When will schools change?

All of us blogging about much-needed changes in schooling, educating and learning are in the front seat of a car. We are looking out the windshield (windscreen) and seeing the road ahead. A bend in the road is not an end in the road for us because we see how to make the turn. We foresee the exits before we get to them and take the off ramp before it's too late. Because we see what's coming before it gets here, we function as visionaries, prophets and entrepreneurs for the other passengers.

All of those who are slow to adopt or opposed to changes are in the back seat of the same car. They are short sighted and can only see what's in the rear view mirror. If they turn around, they can look out the rear window. They don't see the bend in the road or the exit until it's too late. The lag effect from not seeing what's coming -- makes them unresponsive, slow to turn and incapable of proactive solutions. Because they keep the car on the straight and narrow road, they function as bureaucrats, factory workers and administrators.
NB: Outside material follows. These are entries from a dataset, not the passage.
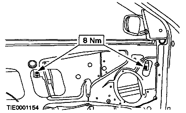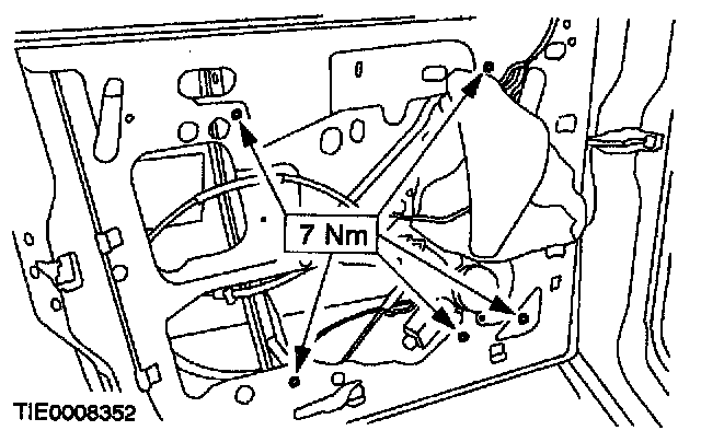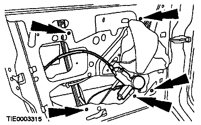 9. Remove the window glass retaining bolts. Align the retaining bolts with the access holes.
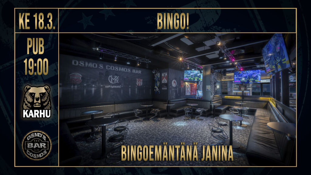 Osmo's Cosmos Bar sijaitsee Imatran keskustassa. Yli 700 asiakaspaikkaa kolmessa kerroksessa: yökerho, pubi, sporttibaari, karaoke, darts, biljardi, terassit, kabinetti ja sauna. TERVETULOA!
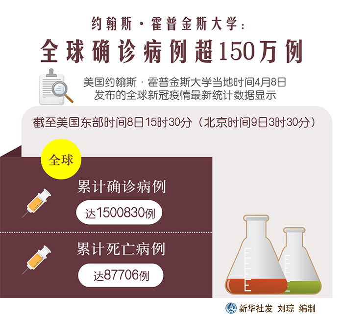 新華社紐約4月8日電? 美國約翰斯·霍普金斯大學(xué)8日發(fā)布的新冠疫情最新統(tǒng)計(jì)數(shù)據(jù)顯示,全球確診病例累計(jì)超過150萬例。
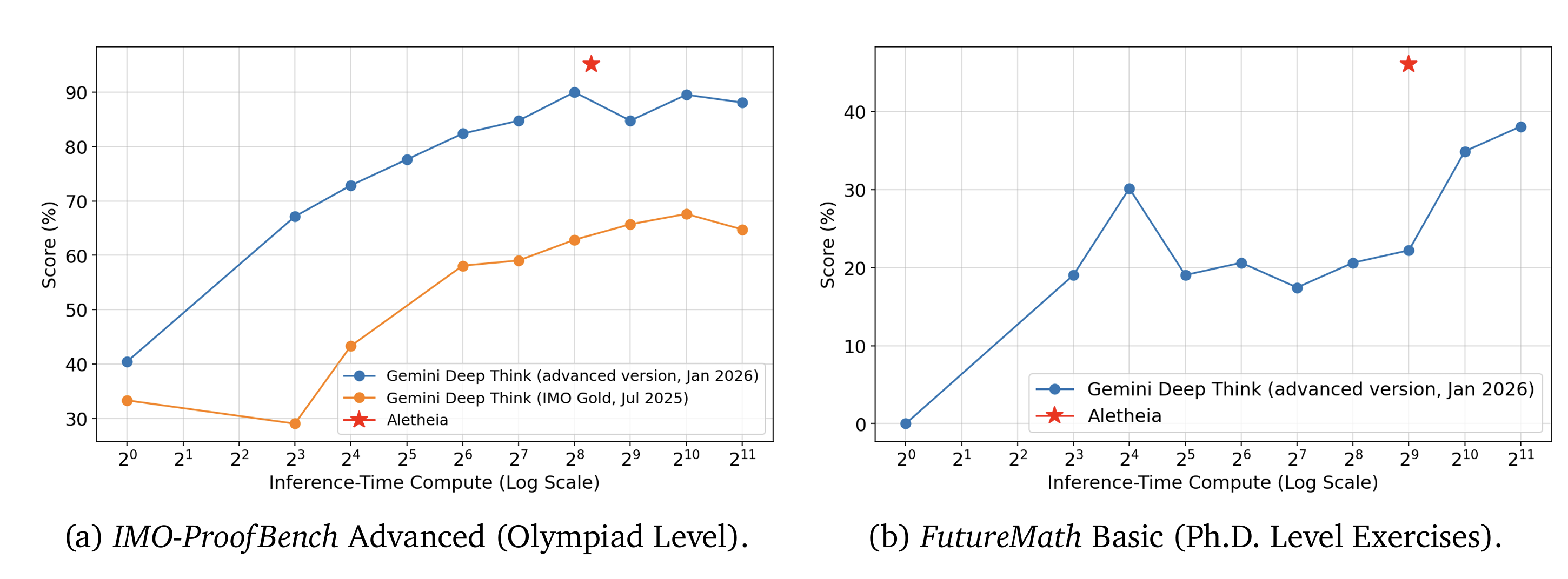 Fig. 9. The January 2026 Deep Think surpasses IMO-Gold on Olympiad problems, scales to PhD-level tasks, and, with Aletheia, delivers stronger reasoning at lower compute. (Image source: Feng et al., 2026)
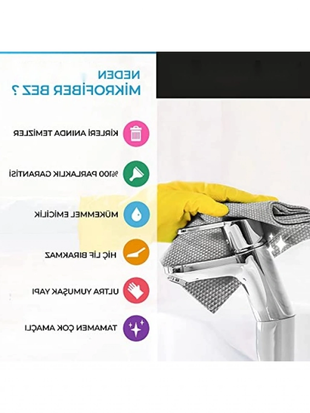 5 adet mikrofiber temizlik bezi içeren bu paket, 60x40 cm boyutları ile çok amaçlı kullanım için idealdir. %80 polyester ve %20 polyamid karışımından üretilen bu bezler, toz ve kirleri kolayca çıkarır. Tüy bırakmayan yapısı sayesinde, yüzeyleri çizmez ve kimyasal temizleyici kullanma ihtiyacını azaltır. Cam, ayna, mutfak dolapları gibi çeşitli yüzeylerde kullanabileceğiniz bu bezler, mükemmel emicilik ve yumuşaklık özellikleri ile dikkat çeker. Uzun süreli dayanıklılık sunar ve tekrar tekrar yıkanabilir.
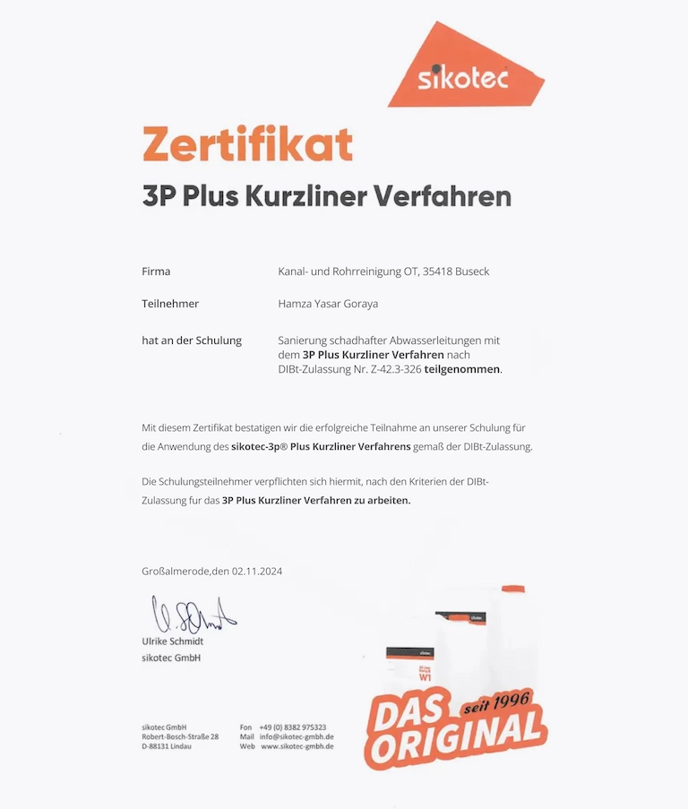 Unser Team ist offiziell geschult und zertifiziert für das 3P-Plus-Kurzliner-Verfahren zur grabenlosen Rohrsanierung. Damit bieten wir dir nicht nur moderne und präzise Technik, sondern auch maximale Sicherheit bei der Instandsetzung beschädigter Abwasserleitungen – sauber, schnell und nach DIBt-zugelassenem Standard.
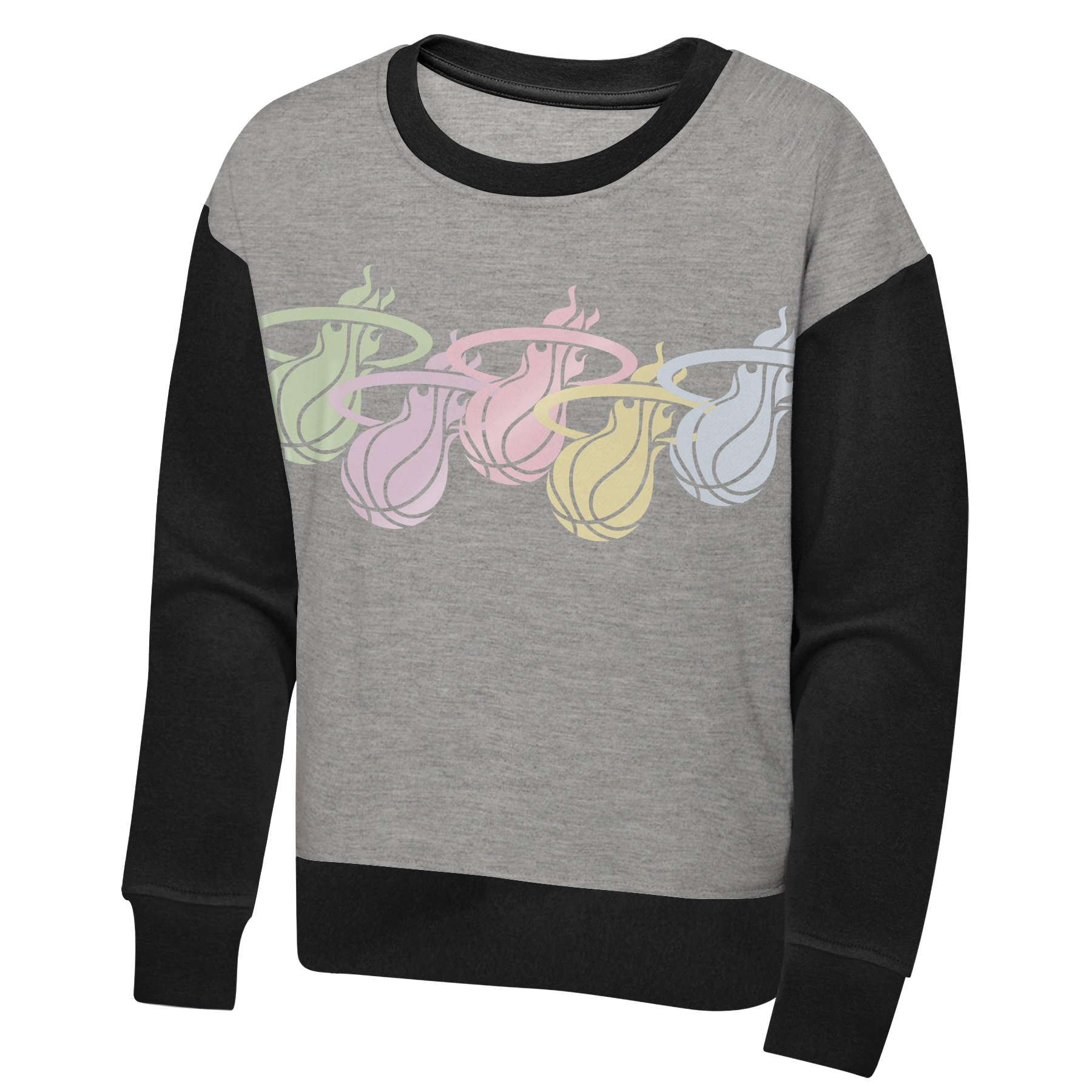 Girls' grey crewneck sweater with black sleeves and pastel multi-color graphic logo across chest.
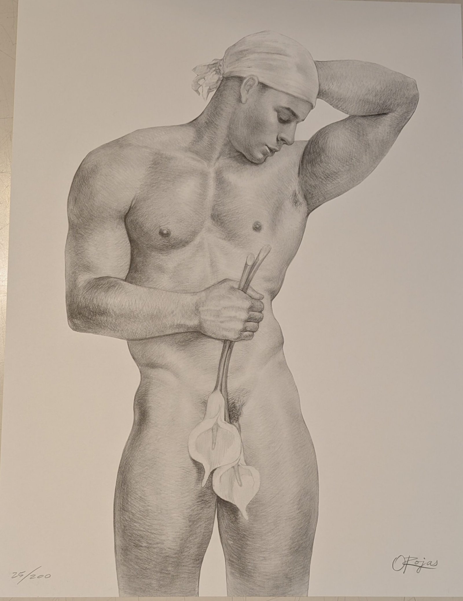 Signed and numbered black and white outset lithograph by artist Otto Rojas. Dimensions 17″ x 22 3/8″.
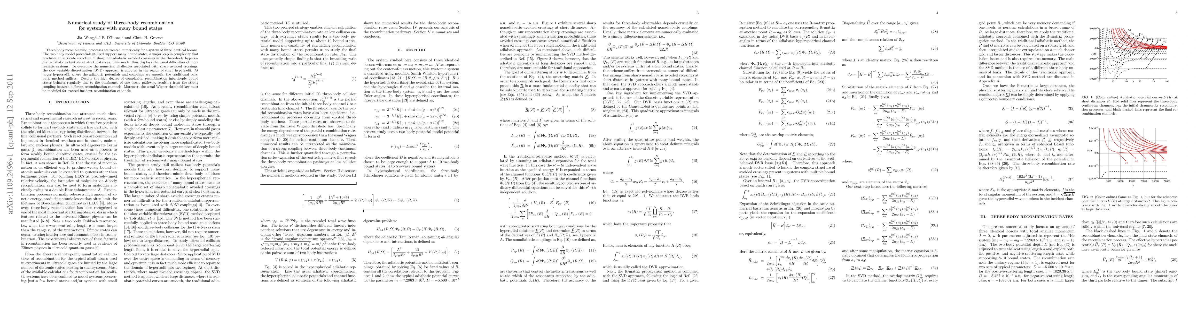 Three-body recombination processes are treated numerically for a system of three identical bosons. The two-body model potentials utilized support many bound states, a major leap in complexity that produces an intricate structure of sharp nonadiabatic avoided crossings in the three-body hyperradial adiabatic potentials at short distances. This model thus displays the usual difficulties of more realistic systems. To overcome the numerical challenges associated with sharp avoided crossings, the slow variable discretization (SVD) approach is adopted in the region of small hyperradii. At larger hyperradii, where the adiabatic potentials and couplings are smooth, the traditional adiabatic method suffices. Despite the high degree of complexity, recombination into deeply bound states behaves regularly due to the dominance of one decay pathway, resulting from the strong coupling between different recombination channels. Moreover, the usual Wigner threshold law must be modified for excited incident recombination channels.
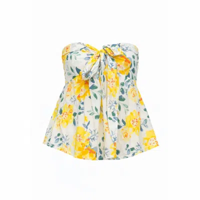 Women's Yellow / Green / White Florea Cotton Front-tie Smocked Back Tube Top In Multi
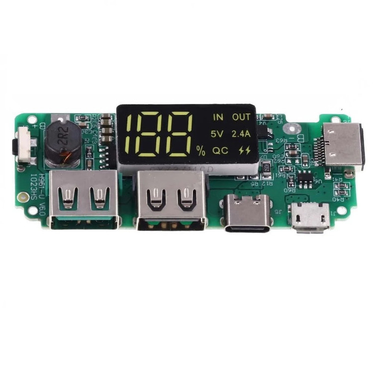 تنها با اتصال یک منبع ولتاژ 5 ولتی با درگاه میکرو USB به ورودی شارژر میتواند باتری متصل به خروجی را تا 5V شارژ نماید. این ماژول بطور کلی برای منابع تغذیه قابل حمل که ازباتری های lithium 18650 استفاده میکنند مناسب است. جریان مناسب برای شارژ باتری موبایل به طور خودکار تنظیم میشود. این ماژول برای توان کمتر از 0.5 وات و بالاتر از 10.5 مناسب نیست. این ماژول دارای مدار محافظ نمیباشد بنابر این با توجه به ولتاژ 3 تا 4.2 ولتی نباید باتری های چندتایی سری با یکدیگر موازی شوند. باتری باید دارای ظرفیت 4A حدودی برای دشارژ باشد. این ماژول مدار محافظ overcharge و over discharge برای باتری لیتیومی همچنین مدار محافظ خروجی over current و اتصال کوتاه دارد. لازم به ذکر است که این ماژول مدار محافظ پلاریته معکوس ندارد و درصورتی که اتصال باتری به درستی انجام نشود ماژول آسیب می بیند طبق تصویر مثبت باتری به B+ و منفی باتری باید به B- متصل شود . ماژول پاور بانک AN-1000 دارای سه رابط ورودی رابط پورت مادگی میکرو USB و type-c و lightning است و دوخروجی USB با ماکزیمم جریان 2.4 آمپر دارد .
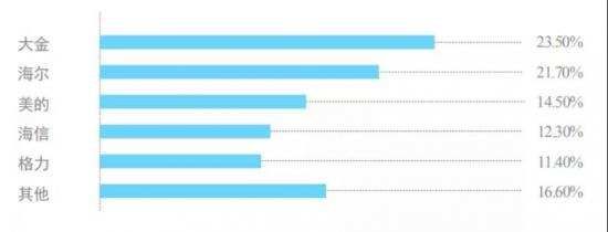品牌格局的初步确立见证了这个竞争趋势的形成与发展。据报告显示,2020年上半年物联网多联机市场逐渐形成了以大金、海尔、美的、海信和格力为主的五强格局,其中海尔以21.7%的市场占有率位居第二,美的以14.5%位居第三,海信以12.3%位居第四,格力以11.4%位居第五。
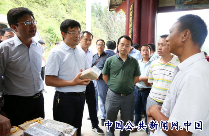 2017年6月20日,中共黎平县委书记王茂才(左二)到茅贡镇流芳村调研扶贫产业有机稻发展情况(杨代富 摄)
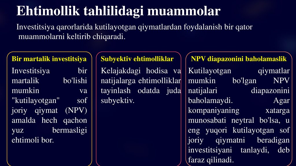 Ehtimollik tahlilidagi muammolarInvestitsiya qarorlarida kutilayotgan qiymatlardan foydalanish bir qator
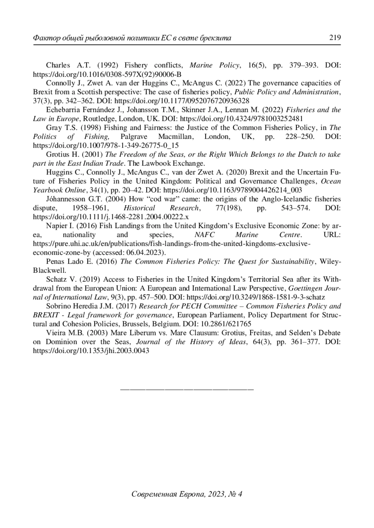 19. Schatz V. (2019) Access to Fisheries in the United Kingdom’s Territorial Sea after its Withdrawal from the European Union: A European and International Law Perspective. Goettingen Journal of International Law. No. 9(3). P. 457-500. DOI: 10.3249/1868-1581-9-3-schatz
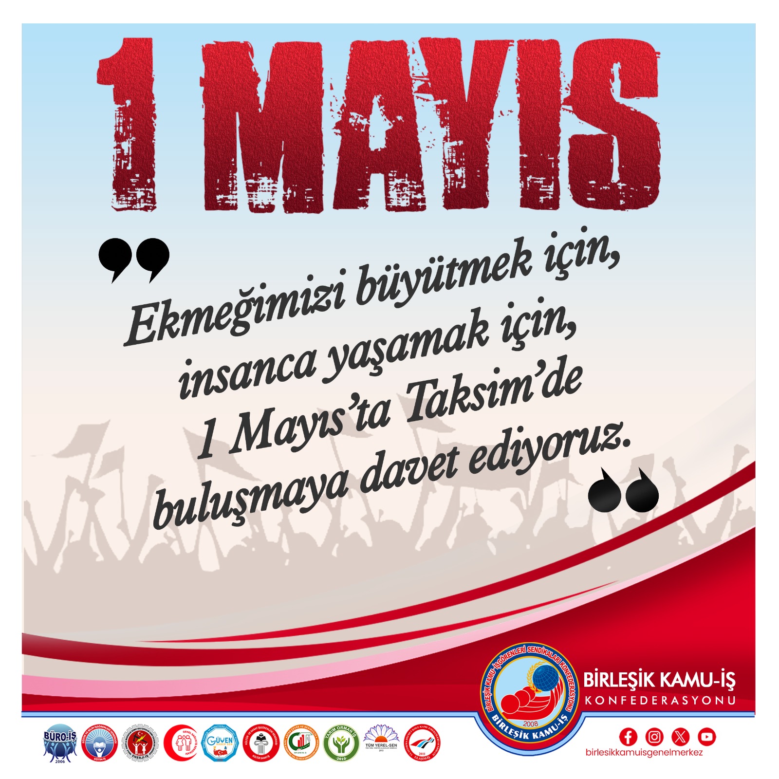 İşimiz, ekmeğimiz, alın terimiz, ülkemiz için, insanca bir yaşam, demokratik, Tam Bağımsız bir Türkiye için 1 Mayıs’ta Taksim Meydanı’ndayız!
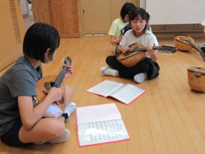 毎週水曜は、マンドリン活動の日です。上学年が下の学年の子供たちに指導しています。先日開催された、エンジョイスクールコンサートの際に演奏した曲とは違う曲の練習に取り組んでいます。お披露目の日が楽しみです。
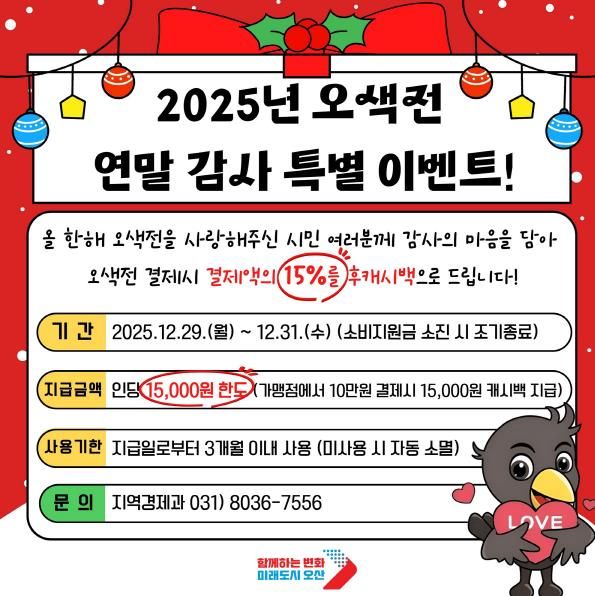 (뉴스폼) 오산시는 한 해 동안 지역화폐를 이용해 준 시민들에게 감사의 뜻을 전하고, 연말 소비 활성화를 도모하기 위해 ‘2025년 오색전 연말 감사 특별 이벤트’를 추진한다.
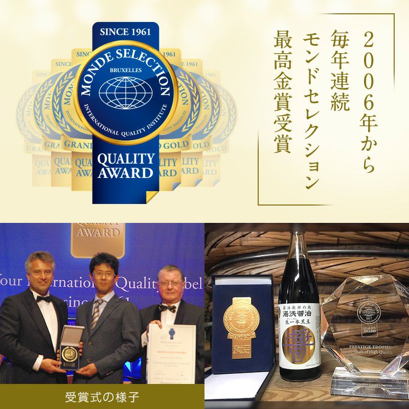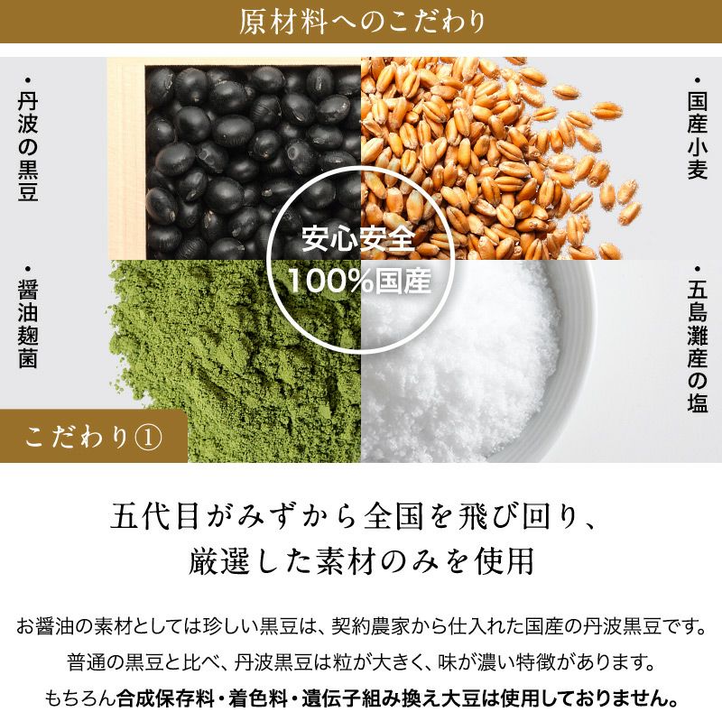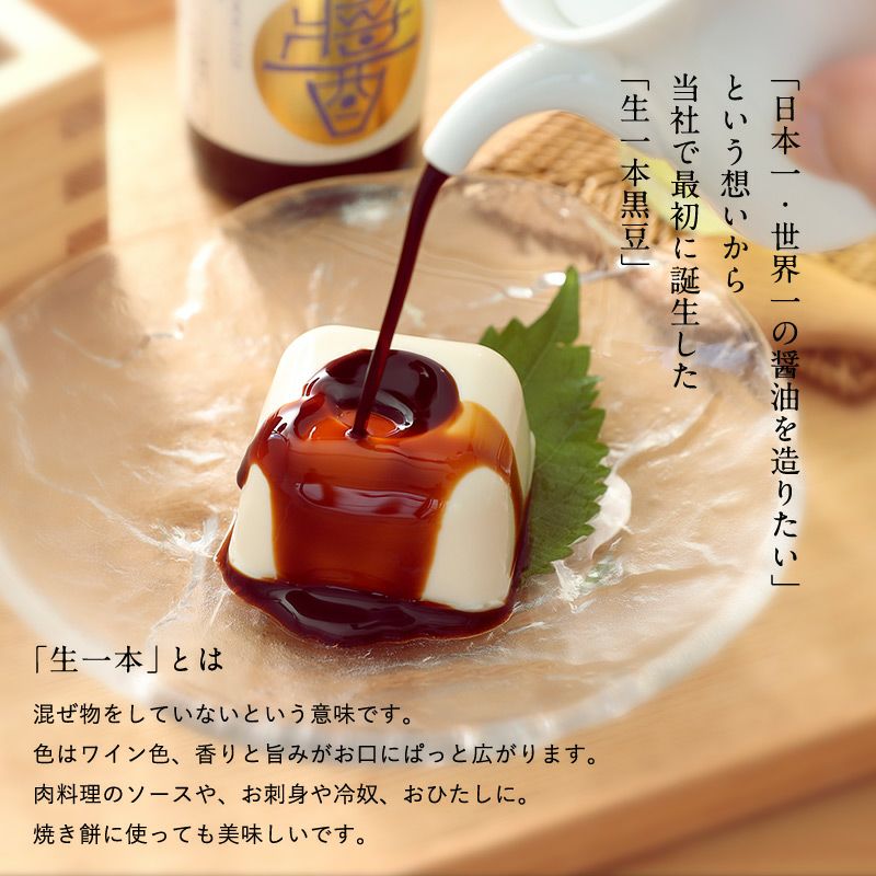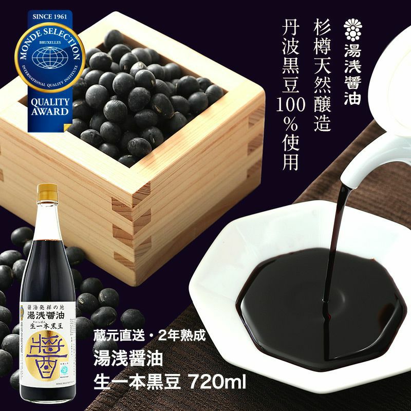 丹波黒豆で作っている濃厚な2年仕込みの醤油。安定した味と香りが高評価。

Schools will change when the need to change shows up in the rear view mirror. The economy and culture will already have made the turn and changed direction without the proper education to do so. The know how to invent new models, enterprises and social constructs will not reflect how the innovators were taught, graded or indoctrinated. The change agents will have gotten their education from what works (evidence based), what seems inspired (unconscious guidance) and what makes the most sense at the time (reflective practice).

What road will we be on when the need to change will be obvious to the back seat drivers? Here's what I'm foreseeing:

  • The digital economy will become a creative economy where everyone is consciously creating their experiences
  • The network infrastructure we call the Internet will be called the SafetyNet as we utilize our world wide connectivity to support anyone who is giving their talents to create safety in the offline world of danger, deprivation and disconnection
  • The Wild West experiences of the online world will become synchronistic experiences of an inline world -- where what consistently shows up serves what we need right now

Then all of us that have had so much to say about Web 2.0, eLearning, and School 2.0 will be able to say "I told you so" when schools finally catch on or fizzle out.


  1. I like your thinking here--that systemic change in education will only occur when there is direct need as seen by the most affected stakeholders. Those stakeholders are obviously not us. We see the need. In actuality, I hope it's the students.

    If we have truly done our job of preparing students for life, then taking hold of their learning might be a natural outgrowth of that. Our system as it is now is set up so that our students are just passengers along for an educational tour of content. Until we put them in a position to pilot the tour themselves, that rear-view mirror will look mighty clear.

  2. In my view schools will not and cannot change until unions and union mentality is removed from the system. They will not change because there is no incentive for the vast majority of educators to do so. Even the entrepreneurial minds in the system that want to make a change are fighting an uphill battle. Make schools compete for customers (parents and students) like companies do on the open market and innovation is surely to happen.

  3. Patrick: Thanks for adding a comment here. I agree the students are passengers, or worse. I recently characterized the learners as migrant workers who are left behind if the fall off the flatbed truck. For students to become stakeholders, while in school, they need the freedom of a democratic process to choose their destiny. While they are held captive by servitude and feudalism, this seems unlikely. My hope rests in the education students are getting from the culture, technology changes and social-web, all empowering them to choose, create and collaborate.

    Kevin: Thanks for bringing an entrepreneurial perspective into this. Besides the union mentality, there is a mind set from "government mandated schooling" which shuts down a free market for learning. It's possible that entrepreneurs will figure out ways around these obstacles -- like getting education from sellers on eBay, or through text messages on cell phones. There must be a way to set up an underground market while the planned curricula runs like clockwork. The systematic oppression of free market dynamics can only restrict competition and thwart innovation to those who take the oppression literally.